Come fall, the gray bats of Nickajack Cave will mate, and just like Austin's Mexican free-tailed bats, they'll leave in October for their winter homes. As with most bats, the gray bat females will hold sperm and delay fertilizing their eggs until late winter. In this way, they ensure that the birth of their young coincides with their return to the humid, vaulted dome of Nickajack Cave next summer.

(Sources in addition to interviews: fs.usda.gov; digital.batcon.org; tpwd.texas.gov; defenders.org; nabatmonitoring.org; fws.gov; usgs.gov)

  photo  Photo by David Stephenson/Lexington Herald-Leader/MCT / A colony of gray bats wake up from their day's sleep and prepare to emerge from a crevice under a bridge near Nicholasville, Kentucky.
 
 

Bat facts

1. The Mexican free-tailed bat reigns as the fastest mammal. It can fly in bursts of up to 100 mph, topping the land speed of the cheetah.

2. Bats are attracted to wind turbines, now a leading cause of bat mortality. What's the attraction? Researchers are still trying to find out.

3. The wingspan of the largest bat, the Philippines' giant golden-crowned flying fox, averages over 5 feet — larger than a hawk's. Fortunately, it eats fruit.

4. Every bat has a unique "contact" call. Mother and baby bat find each other, even among 20 million bats, by recognizing each other's calls.

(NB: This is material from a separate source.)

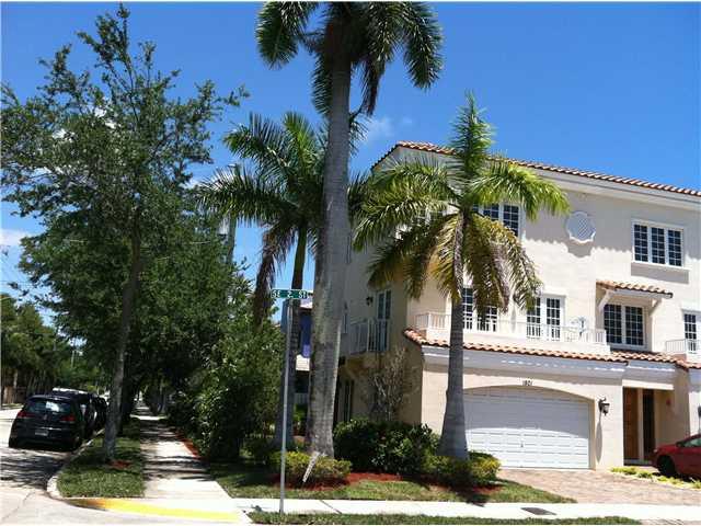 Tri-level Mediterranean style townhome 3/3 w/2 half baths . This sun drenched corner unit features an elevator, gourmet kitchen w/stainless appliances, gas range & granite countertops, tray ceilings, tankless water heater, skylight, crown molding, central vac and numerous balconies. Family rm features a wetbar w/fridge & bev ctr. All bedrooms have their own full bath & great closet space. Fee simple, no homeowners assoc or maintenance fees! 2 short blocks off Las Olas, in downtown & close to the beach.
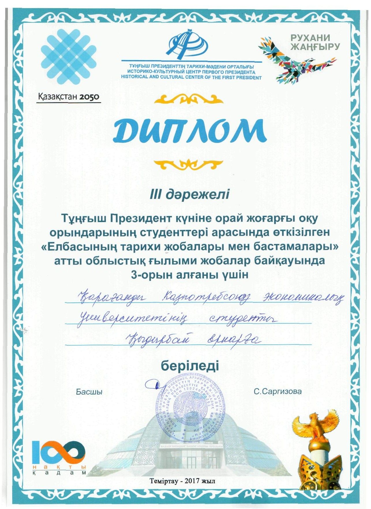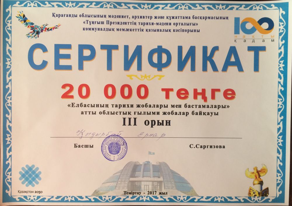 November 30, 2017 in the Historical and Cultural Center of the First President the regional contest of projects "Historical Projects and Initiatives of Elbasy" was held, dedicated to the Day of the First President of the Republic of Kazakhstan. The student of the group "GMU-42 to" Karaganda Economic University Kydyrbai Ernar Merekeuly participated with his scientific and innovative project "STOPJEMQOR" and took 3rd place, also our student became the owner of the certificate for 20 000 tenge.

5. Bats are not blind; they see differently. For example, they may see less color than humans. But on an evening hunt, when adaptations for low light make more sense than color vision, bats might see better than humans. When on the hunt, bats (or at least 70% of bats) send out an inaudible, high-frequency spray of pings to locate prey — a kind of aerial sonar or echolocation. Between sight and sonar, these nimble flyers can nail an insect the width of a human hair in mid-air.

6. Some bat species eat lizards, frogs, birds and other bats; some eat scorpions; some eat flower nectar. (Pallid bats eat both scorpions and nectar.)

7. Fruit- and flower-eaters can be important to agriculture as seed-spreaders and pollinators.

8. Of vampire bats, there are only three species — all south of the U.S. border. However, biologist Nancy Simmons says that climate change will edge the Mexican vampire bat into Texas. They don't suck blood; they lap it (after making a cut with their teeth). Their primary targets are sleeping cows, pigs and chickens — not humans.

9. Bats sleep hanging from their feet because, Simmons says, in their evolutionary tree-dwelling days, they clung to tree trunks facing downward, letting gravity boost their leap towards prey. Since acquiring wings, bats' feet clench at rest, and their ankle bones lock. Valves in their arteries keep blood from rushing to their heads. All this helps them drop head-first into gravity's arms for lift and easy takeoff.

10. Seven bat species sleep curled up in leaves.

(Sources: batcon.org; wtamu.edu; mos.org; latrobe.edu.au; ncbi.nlm.nih.gov)

Chaz Johnston contributed to this story.